Hello All,
I just came in this old thread by following a link...
I use the folowing ruby script (conv.rb) to convert Gutenberg txt files to simple html:
Code:
#!/usr/bin/ruby
txt = IO.read(ARGV[0])
txt.gsub!(/\r/,'')
parts = txt.split(/\n\n\n\n/)
parts.shift
parts.pop
$stderr.print "%s: bytes=%d, parts=%d\n" % [ARGV[0], txt.size, parts.size]
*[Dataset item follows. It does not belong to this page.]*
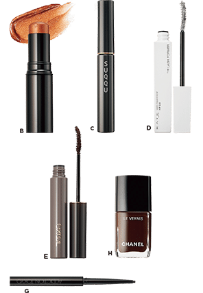Bボーム エサンシエル ソーラー グロウ ¥7,040(シャネル・数量限定品) Cセッティング アイブロウ ジェル 01 ¥3,520(SUQQU・9月6日発売) Dケイト ラッシュマキシマイザーHP2.0 EX-1 ¥1,320※編集部調べ(カネボウ化粧品) Eエクセル ラッシュオプティミズム LA02 ¥1,680(サナ・8月20日発売) Fブルーミングラッシュ ニュアンスカーラー 18 ¥3,300(ジルスチュアート ビューティ・8月2日限定発売) Gザ ジェル アイライナー Ivy Tree ¥3,300(アディクション ビューティ・8月2日発売) Hヴェルニ 185 ¥4,620(シャネル・数量限定品)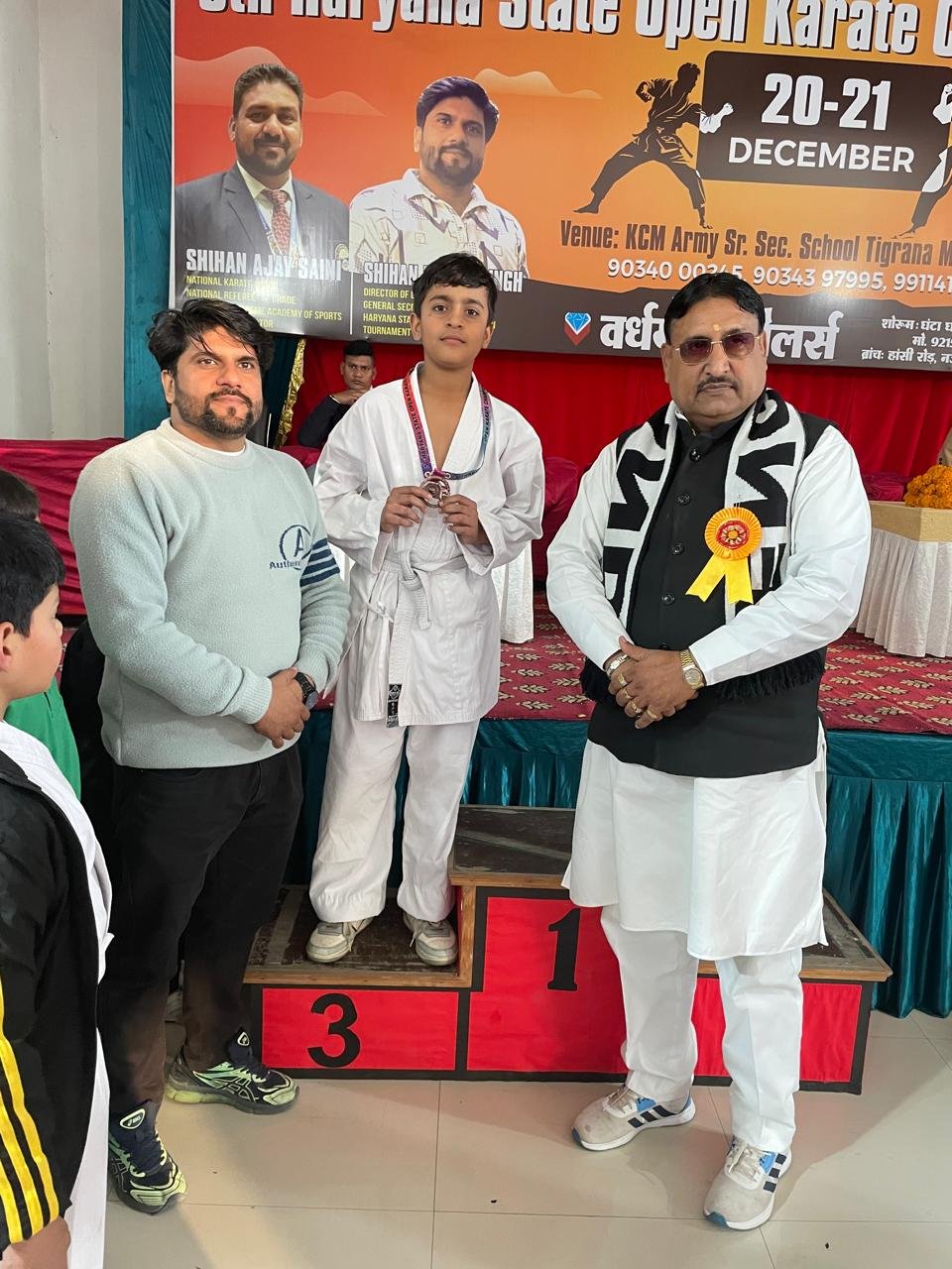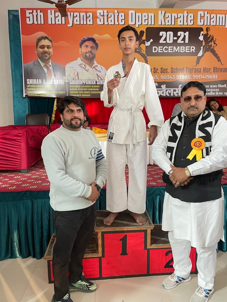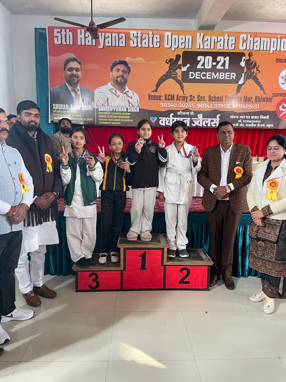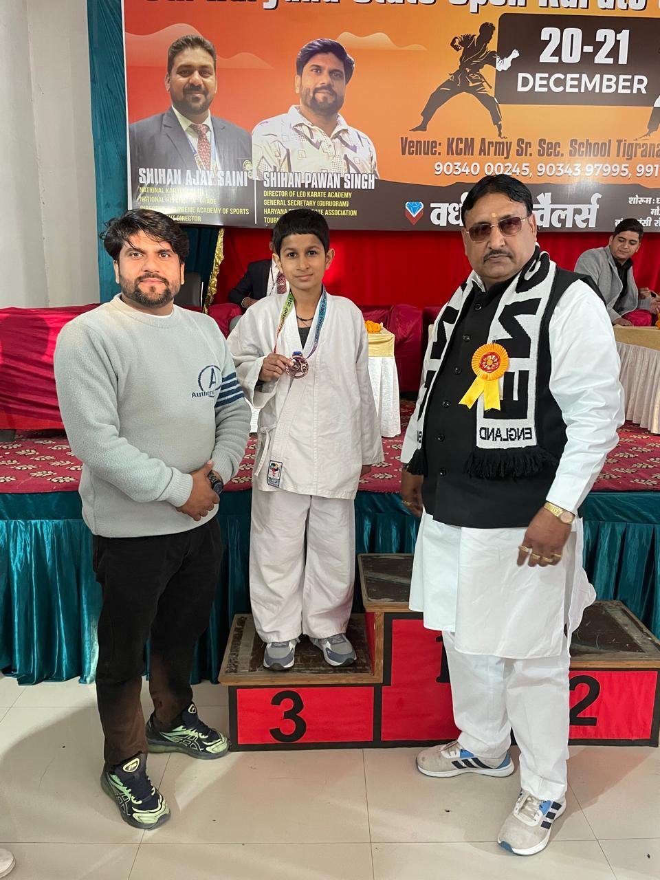 The Fifth Haryana State Open Karate Championship was organized at K.C.M.ARMY High School in Bhiwani on December 20-21, 2025. Around 430 players participated in the event. 18 students from Om International Public School, trained by Karate Coach Vikas Jangra, took part and won 6 Gold, 4 Silver, and 8 Bronze medals.

print "<html>\n<head><title>#{ARGV[0]}</title></head>\n<body>\n"
parts.each do |part|
pars = part.split(/\n\n+/)
head = pars.shift
print "<h1>#{head}</h1>\n"
pars.each do |par|
par.gsub!(/\[\d+\].+/, '')
par.gsub!(/_(.*?)_/m, '<i>\1</i>')
print "<p>#{par}</p>\n"
end
end
After converting you can convert it to a nice custom pdf (with toc) with html2pdf:
Code:
ruby conv.rb xxx.txt >xxx.html
htmldoc -f xxx.pdf --header "" --footer "" --top 3mm --bottom 1mm --left 1mm --right 1mm --size 12x15cm xxx.html
You might have to experiment a bit with the script for optimal results (depending on the exact text lay-out)...
Hope this helps somebody